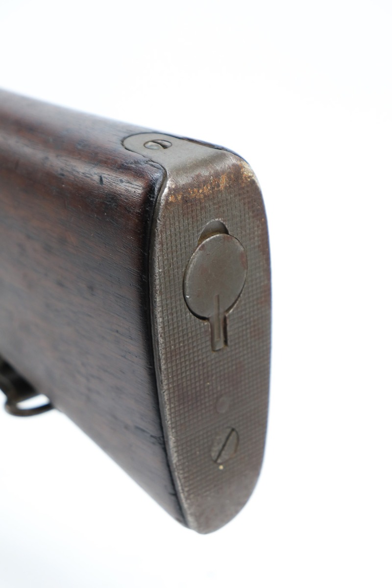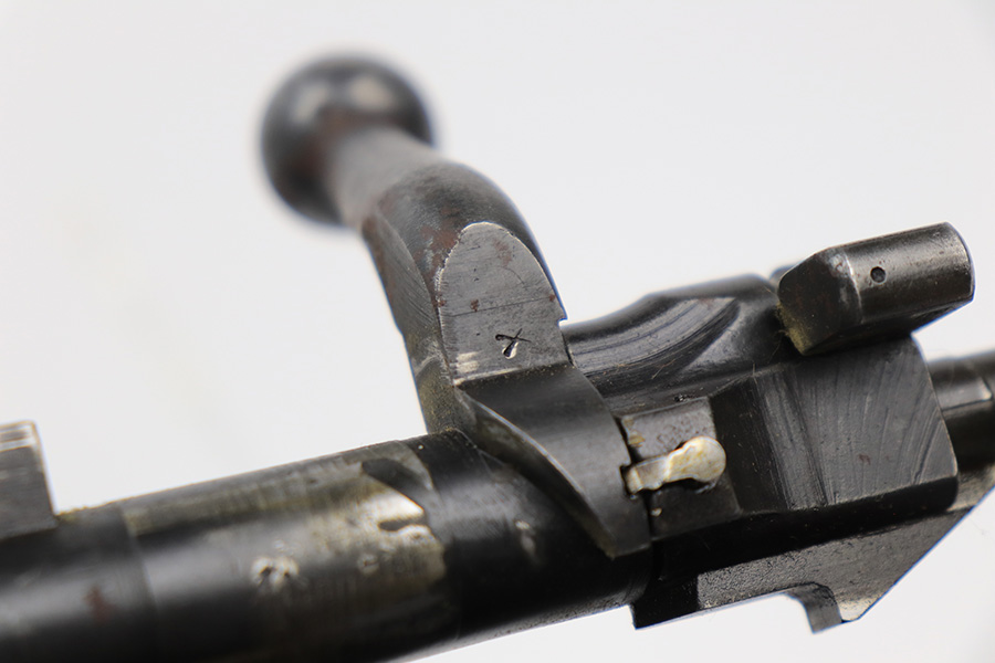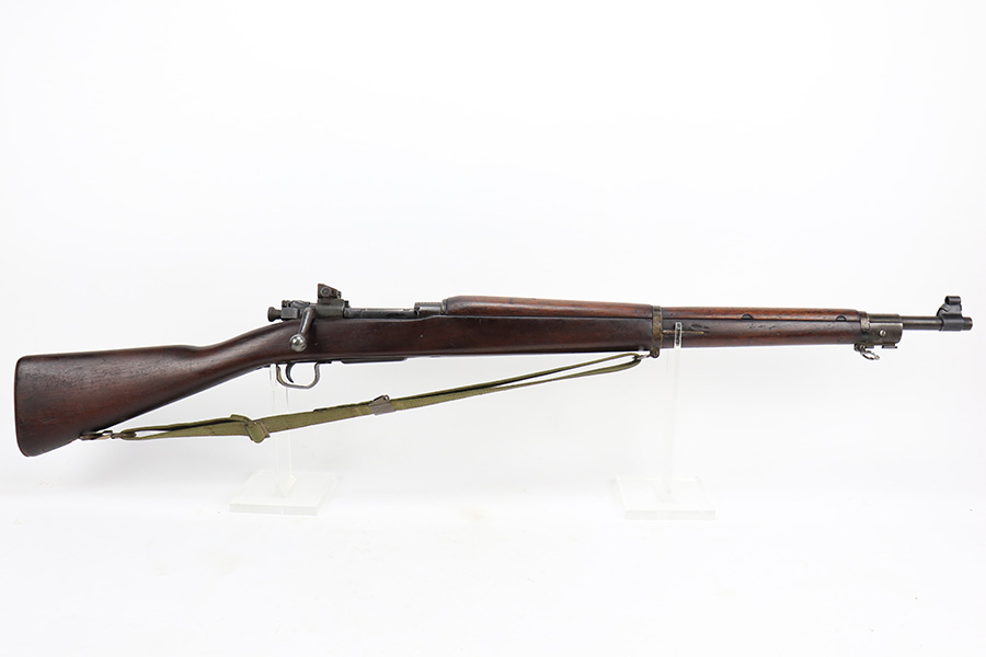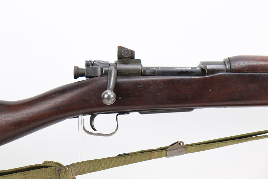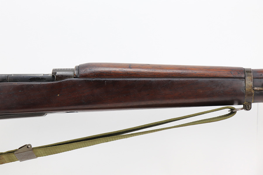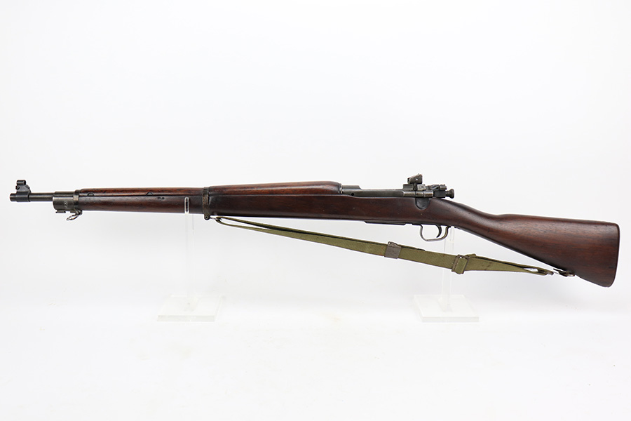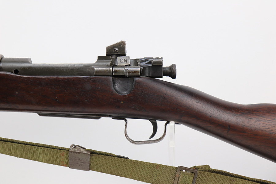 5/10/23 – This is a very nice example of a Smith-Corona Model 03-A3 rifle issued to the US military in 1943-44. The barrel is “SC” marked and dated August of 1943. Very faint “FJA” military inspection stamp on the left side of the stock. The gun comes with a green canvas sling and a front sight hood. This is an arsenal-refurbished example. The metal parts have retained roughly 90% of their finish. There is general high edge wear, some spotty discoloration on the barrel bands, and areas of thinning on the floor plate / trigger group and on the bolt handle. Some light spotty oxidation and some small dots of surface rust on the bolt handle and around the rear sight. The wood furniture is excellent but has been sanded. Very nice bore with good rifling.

★ ★ ★

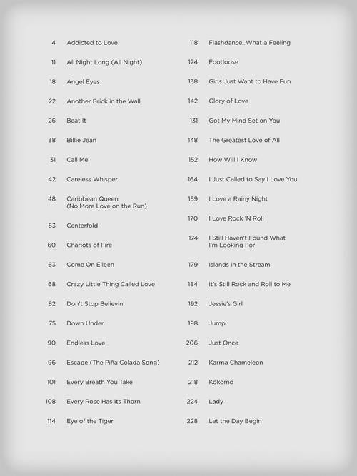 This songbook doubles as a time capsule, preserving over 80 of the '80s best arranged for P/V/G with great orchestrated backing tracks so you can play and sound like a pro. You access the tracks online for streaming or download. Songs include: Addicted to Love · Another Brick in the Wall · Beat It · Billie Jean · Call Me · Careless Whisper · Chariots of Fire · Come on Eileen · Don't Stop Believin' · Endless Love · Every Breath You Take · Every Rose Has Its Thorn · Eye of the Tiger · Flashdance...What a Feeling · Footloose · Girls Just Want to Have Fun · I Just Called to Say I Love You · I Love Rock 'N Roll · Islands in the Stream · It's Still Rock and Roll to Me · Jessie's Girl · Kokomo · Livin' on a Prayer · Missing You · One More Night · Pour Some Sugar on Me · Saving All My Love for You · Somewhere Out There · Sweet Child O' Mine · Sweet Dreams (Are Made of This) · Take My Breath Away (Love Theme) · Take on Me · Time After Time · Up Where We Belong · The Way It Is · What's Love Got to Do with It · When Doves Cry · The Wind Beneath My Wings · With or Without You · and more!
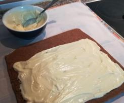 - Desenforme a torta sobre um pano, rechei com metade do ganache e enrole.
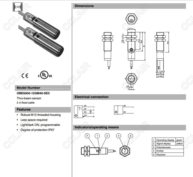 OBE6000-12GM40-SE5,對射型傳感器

★ ★ ★

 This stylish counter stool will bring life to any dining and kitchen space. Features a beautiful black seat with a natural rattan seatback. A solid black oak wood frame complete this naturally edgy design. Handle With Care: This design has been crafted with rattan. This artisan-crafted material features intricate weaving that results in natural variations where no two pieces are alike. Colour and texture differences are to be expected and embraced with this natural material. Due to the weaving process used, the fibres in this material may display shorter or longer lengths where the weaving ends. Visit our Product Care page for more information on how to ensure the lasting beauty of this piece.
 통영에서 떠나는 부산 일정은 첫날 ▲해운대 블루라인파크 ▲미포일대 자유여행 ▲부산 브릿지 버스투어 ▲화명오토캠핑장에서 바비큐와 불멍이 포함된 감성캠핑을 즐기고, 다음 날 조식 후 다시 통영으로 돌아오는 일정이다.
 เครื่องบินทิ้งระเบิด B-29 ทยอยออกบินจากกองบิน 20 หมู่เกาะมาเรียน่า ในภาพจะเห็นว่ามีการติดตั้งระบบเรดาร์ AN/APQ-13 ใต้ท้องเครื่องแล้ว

★ ★ ★

In the listing above, find the line containing "This stylish counter" and the line containing "통영에서 떠나는 부산". Output them and every line between, exactly, and nothing else.

 This stylish counter stool will bring life to any dining and kitchen space. Features a beautiful black seat with a natural rattan seatback. A solid black oak wood frame complete this naturally edgy design. Handle With Care: This design has been crafted with rattan. This artisan-crafted material features intricate weaving that results in natural variations where no two pieces are alike. Colour and texture differences are to be expected and embraced with this natural material. Due to the weaving process used, the fibres in this material may display shorter or longer lengths where the weaving ends. Visit our Product Care page for more information on how to ensure the lasting beauty of this piece.
 통영에서 떠나는 부산 일정은 첫날 ▲해운대 블루라인파크 ▲미포일대 자유여행 ▲부산 브릿지 버스투어 ▲화명오토캠핑장에서 바비큐와 불멍이 포함된 감성캠핑을 즐기고, 다음 날 조식 후 다시 통영으로 돌아오는 일정이다.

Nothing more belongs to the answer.